== Segment start ==

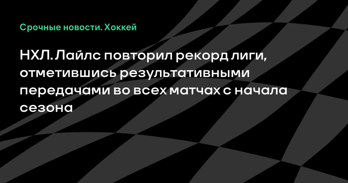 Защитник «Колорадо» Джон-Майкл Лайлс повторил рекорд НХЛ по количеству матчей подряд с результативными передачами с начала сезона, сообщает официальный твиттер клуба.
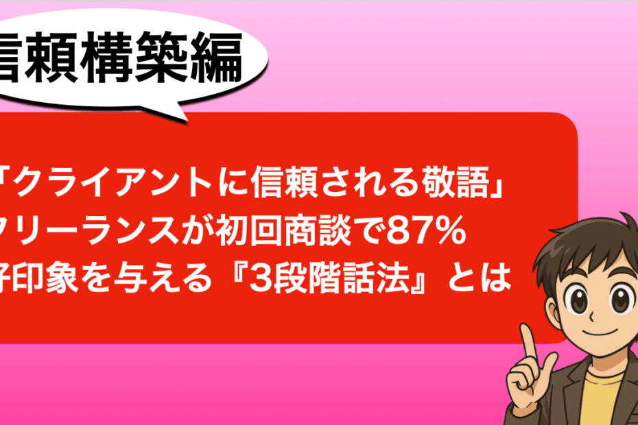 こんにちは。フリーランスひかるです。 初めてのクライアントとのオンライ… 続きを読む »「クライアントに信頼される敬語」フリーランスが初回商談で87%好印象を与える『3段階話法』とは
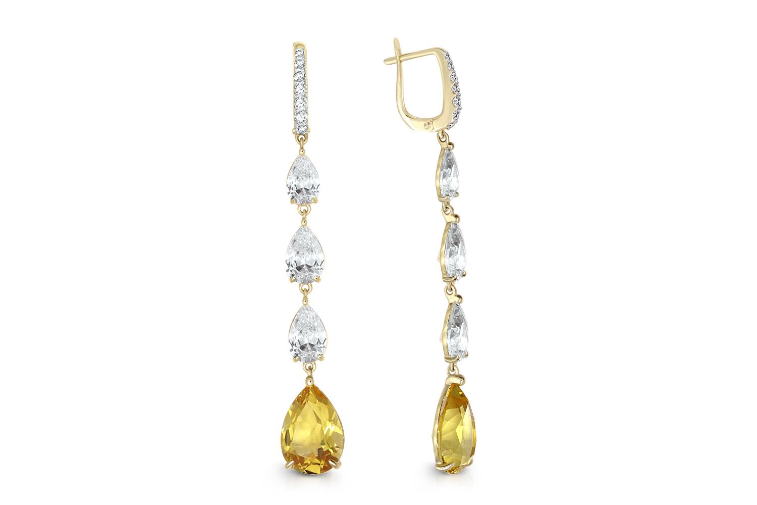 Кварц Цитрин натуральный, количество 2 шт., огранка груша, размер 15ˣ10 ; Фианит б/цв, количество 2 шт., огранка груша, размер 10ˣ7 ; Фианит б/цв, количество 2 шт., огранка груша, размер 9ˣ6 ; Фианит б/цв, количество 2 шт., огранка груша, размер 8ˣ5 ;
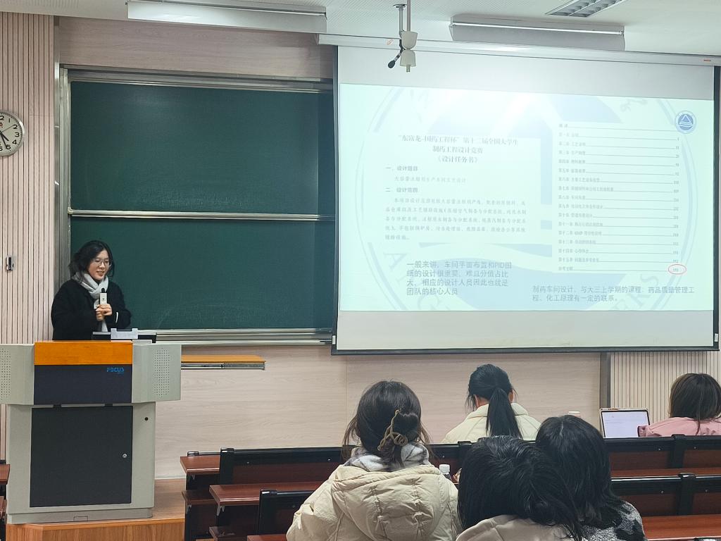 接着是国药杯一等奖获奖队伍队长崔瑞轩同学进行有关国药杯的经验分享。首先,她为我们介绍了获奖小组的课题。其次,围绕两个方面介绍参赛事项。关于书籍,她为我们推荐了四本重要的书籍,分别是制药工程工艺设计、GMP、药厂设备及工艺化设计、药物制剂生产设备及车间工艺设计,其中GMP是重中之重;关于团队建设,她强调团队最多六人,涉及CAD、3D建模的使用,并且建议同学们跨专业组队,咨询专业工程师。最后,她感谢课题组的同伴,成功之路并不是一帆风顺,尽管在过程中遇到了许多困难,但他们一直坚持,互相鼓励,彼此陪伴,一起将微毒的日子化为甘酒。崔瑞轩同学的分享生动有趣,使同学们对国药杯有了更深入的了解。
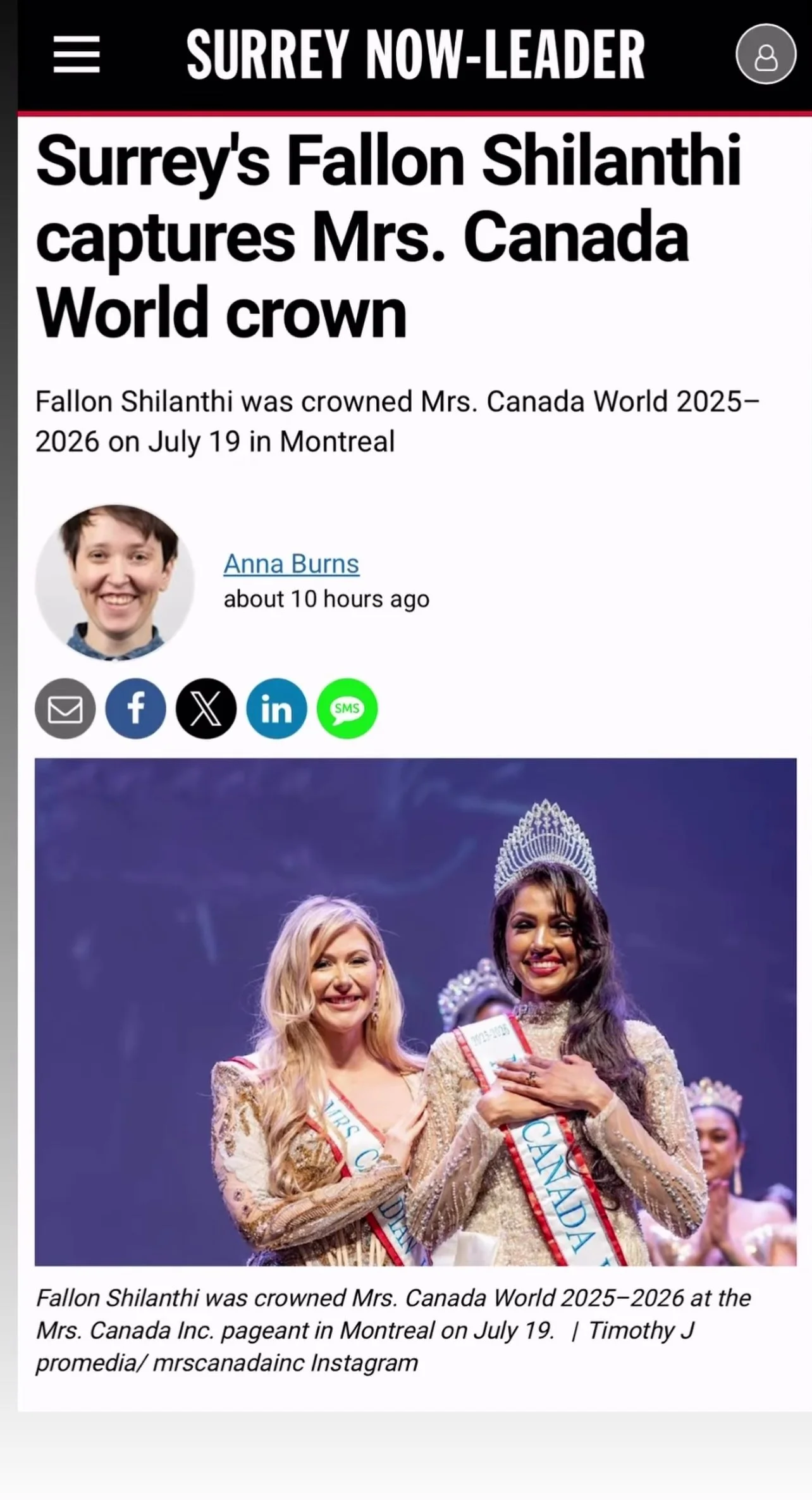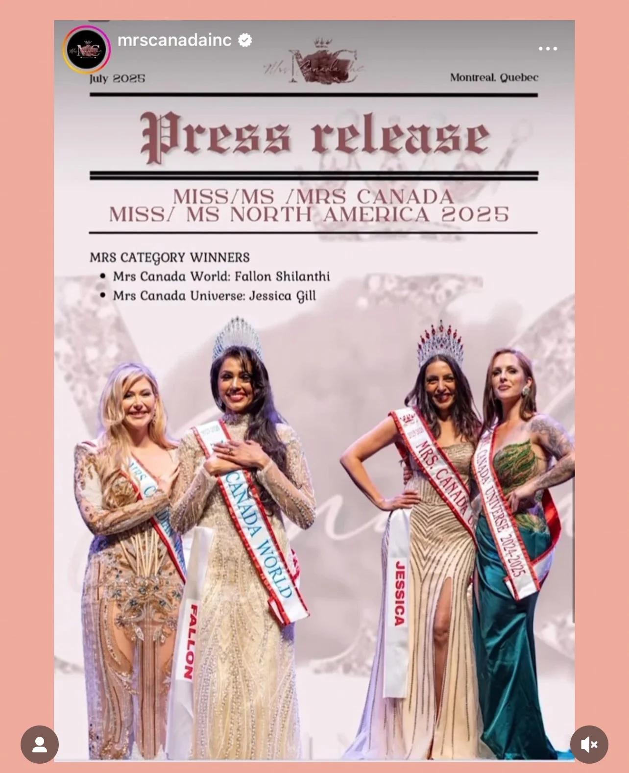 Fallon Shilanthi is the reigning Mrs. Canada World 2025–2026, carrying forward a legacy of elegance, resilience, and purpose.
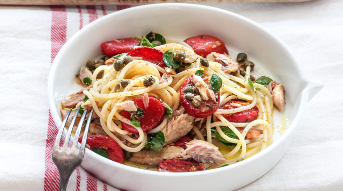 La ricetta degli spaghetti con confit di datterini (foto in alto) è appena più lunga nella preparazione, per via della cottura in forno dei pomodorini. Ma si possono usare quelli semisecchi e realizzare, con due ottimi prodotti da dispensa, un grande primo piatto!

== Segment end ==
== Segment start ==

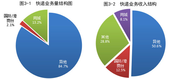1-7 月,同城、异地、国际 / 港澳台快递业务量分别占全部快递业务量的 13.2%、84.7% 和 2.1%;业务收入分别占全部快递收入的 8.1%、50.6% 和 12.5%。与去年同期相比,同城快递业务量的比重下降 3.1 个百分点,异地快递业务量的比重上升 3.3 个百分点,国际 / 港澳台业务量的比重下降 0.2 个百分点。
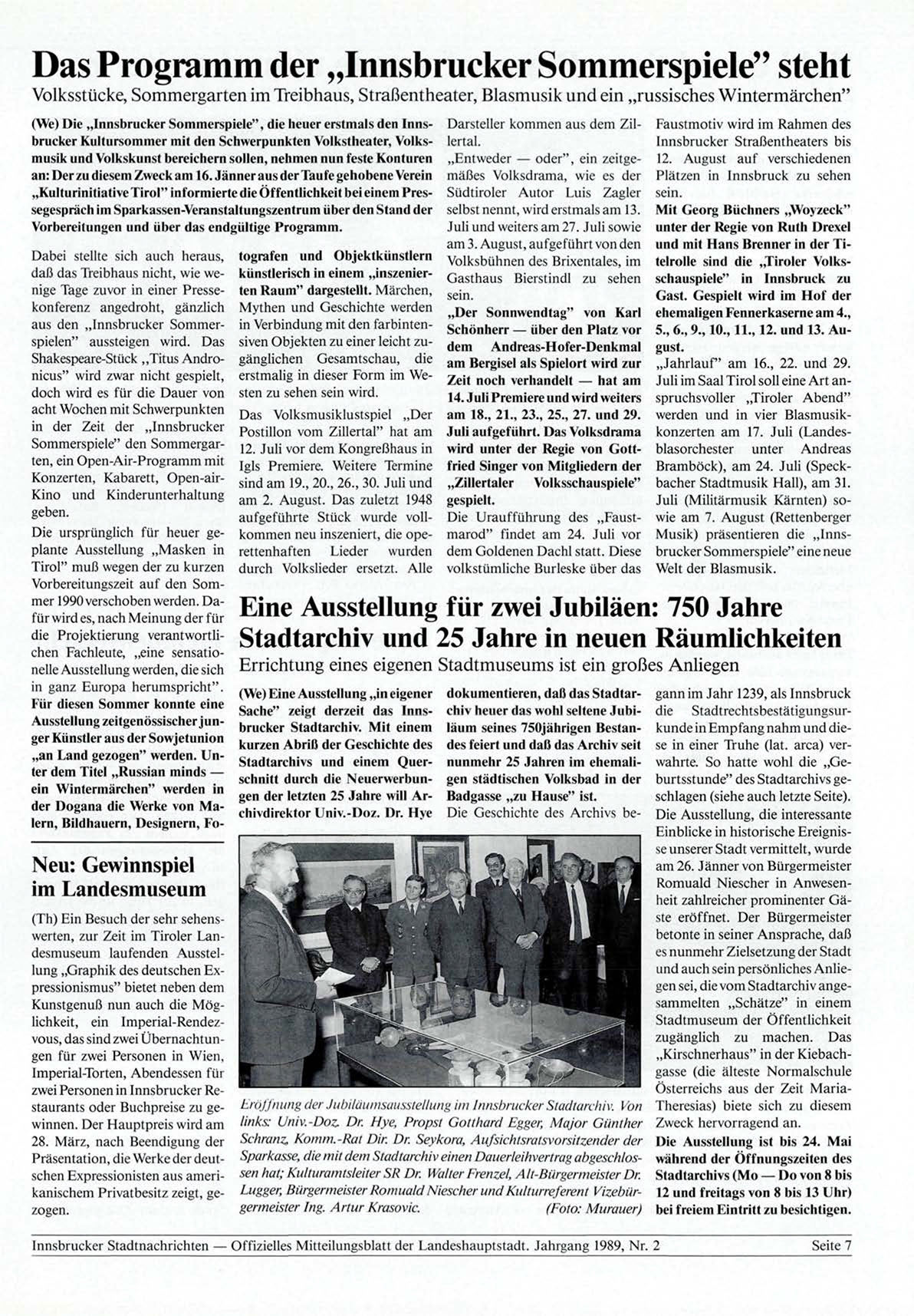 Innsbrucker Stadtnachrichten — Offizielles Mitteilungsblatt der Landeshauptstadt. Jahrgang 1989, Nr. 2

== Segment end ==

• [About this exercise]
Given the records above, return the lines starting at the one that holds "Fallon Shilanthi is" and ending at the one that holds "La ricetta degli", exactly, and nothing besides; leave every picture out.

• [Reply to the exercise]
 Fallon Shilanthi is the reigning Mrs. Canada World 2025–2026, carrying forward a legacy of elegance, resilience, and purpose.
 La ricetta degli spaghetti con confit di datterini (foto in alto) è appena più lunga nella preparazione, per via della cottura in forno dei pomodorini. Ma si possono usare quelli semisecchi e realizzare, con due ottimi prodotti da dispensa, un grande primo piatto!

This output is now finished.